Доверие к политическим институтам власти является важнейшей культурной и нравственной нормой и передается через социализацию на ранних этапах жизни человека, пополняя арсенал ценностей традиционной культуры. Он  фокусируется в социальной памяти людей через воспоминания, нормативный этикет, формы и стереотипы общения.  Не только культура, но и социальный опыт, религия, их нормы и практики могут служить условием сохранения социально-психологического баланса в период политического кризиса и недоверия общества к институтам власти. Они обеспечивает «социальную подушку выживаемости», терпимости и относительной стабильности.

В целях выявления механизмов адаптации  в условиях кризиса институционального доверия,  мы провели исследование, в котором  попытались выявить влияние различных культурно-цивилизационных направлений – собственно этнической, арабо-мусульманской, европейской  и российской культур, в рамках которого и происходит  трансформация норм и ценностей в сознании молодежи Чеченской Республики.
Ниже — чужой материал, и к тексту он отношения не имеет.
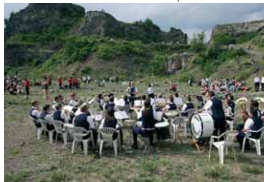
A KRÁTER-HANGVERSENY SZEREPLŐI ÉS KÖZÖNSÉGE

При этом нужно учитывать, что современное чеченское общество переживает смещение различных временных пластов, в которых соседствуют традиции и современность в развитии. Традиционный характер взаимодействия людей сохраняется в сельской местности во многих формах взаимодействия (соседство, знакомство, общение), в обрядовой сфере, независимо от типа расселения (похороны, свадьба). Модернизация в большей степени коснулась городского населения, сферы услуг, культуры общения в молодежной среде.

  Социологическое исследование проводилось в виде глубинных интервью записью на диктофон. В них затрагивались такие важные стороны  жизни молодых людей, как  отношение к своей национальной культуре, к историческому прошлому, к памяти предков, толерантности и терпимости к «другим», любовь к городу и республике, степень религиозности и место веры в повседневной жизни,  доверие к власти и  правовым институт Опрашиваемые принадлежали к разным социальным категориям, среди которых  были  студенты, медсестра, бизнесмен, служащая, сотрудник НКО, строитель, безработный, прораб на стройке,швея,безработная (временно), работница структур и т.д.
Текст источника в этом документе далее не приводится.